GOAL OF THE EXERCISE: Without pictures, return the lines from the one containing "近日,记者走进位于开化县桐村" through the last line of the data below, exactly.

INFORMATION SUPPLIED:

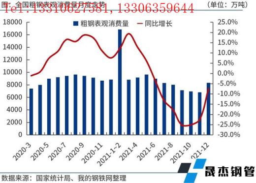 2021年12月份,全國粗鋼日均產量278.04萬噸,環(huán)比大增20.3%,預計1月份產量變化不大。臨近春節(jié)假期,鋼市進入傳統(tǒng)需求淡季。不過,由于多部門集中出臺穩(wěn)增長政策,市場情緒得到提振,加之無縫鋼管廠家集中補庫,原燃料價格強勢上漲,推動鋼價震蕩偏強運行。今年我國基建投資有望發(fā)力,但房地產投資不容樂觀,鋼鐵消費或弱于去年。如果節(jié)后無縫鋼管廠家適度控制產能釋放,合理安排復工復產進度,實現供需動態(tài)平衡,鋼價或延續(xù)震蕩偏強運行。
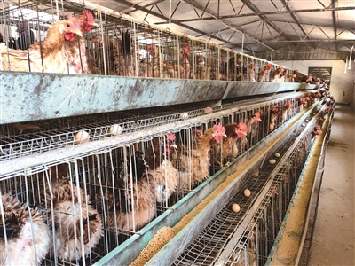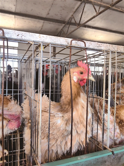 近日,记者走进位于开化县桐村镇的开化宏腾羽农业开发有限公司,只见整个场区依山而建,办公区、粪污处理区、种鸡养殖区、孵化车间、饲料仓库和消毒室等分布其中。经过消毒通道喷雾消毒后,记者进入养殖核心区域。在最外侧的鸡舍里,自动化育雏室、育成笼内饲养着约3000羽开化翻毛鸡。
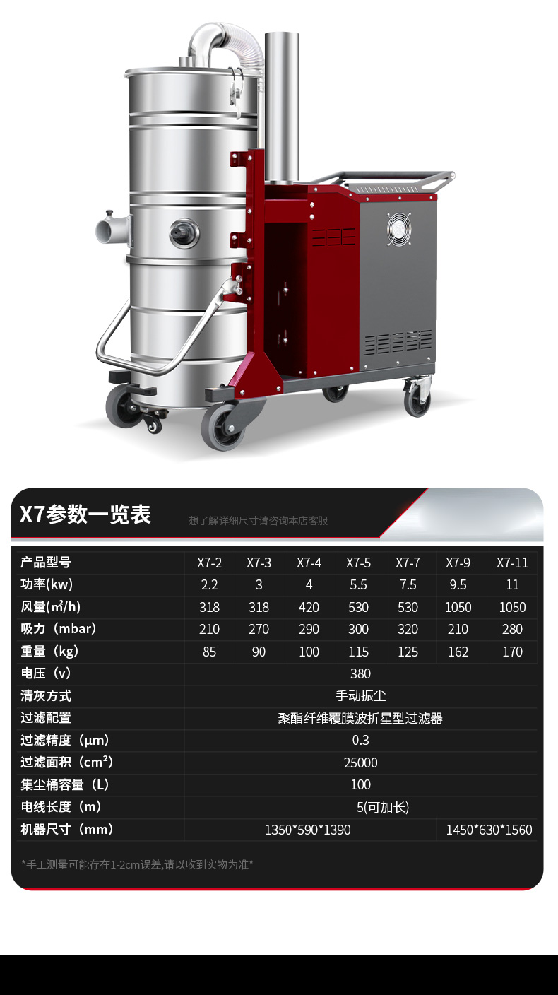 上海坦洁380V双桶不锈钢工业吸尘器X7系列

SOLUTION TO THE PROBLEM:
 近日,记者走进位于开化县桐村镇的开化宏腾羽农业开发有限公司,只见整个场区依山而建,办公区、粪污处理区、种鸡养殖区、孵化车间、饲料仓库和消毒室等分布其中。经过消毒通道喷雾消毒后,记者进入养殖核心区域。在最外侧的鸡舍里,自动化育雏室、育成笼内饲养着约3000羽开化翻毛鸡。
 上海坦洁380V双桶不锈钢工业吸尘器X7系列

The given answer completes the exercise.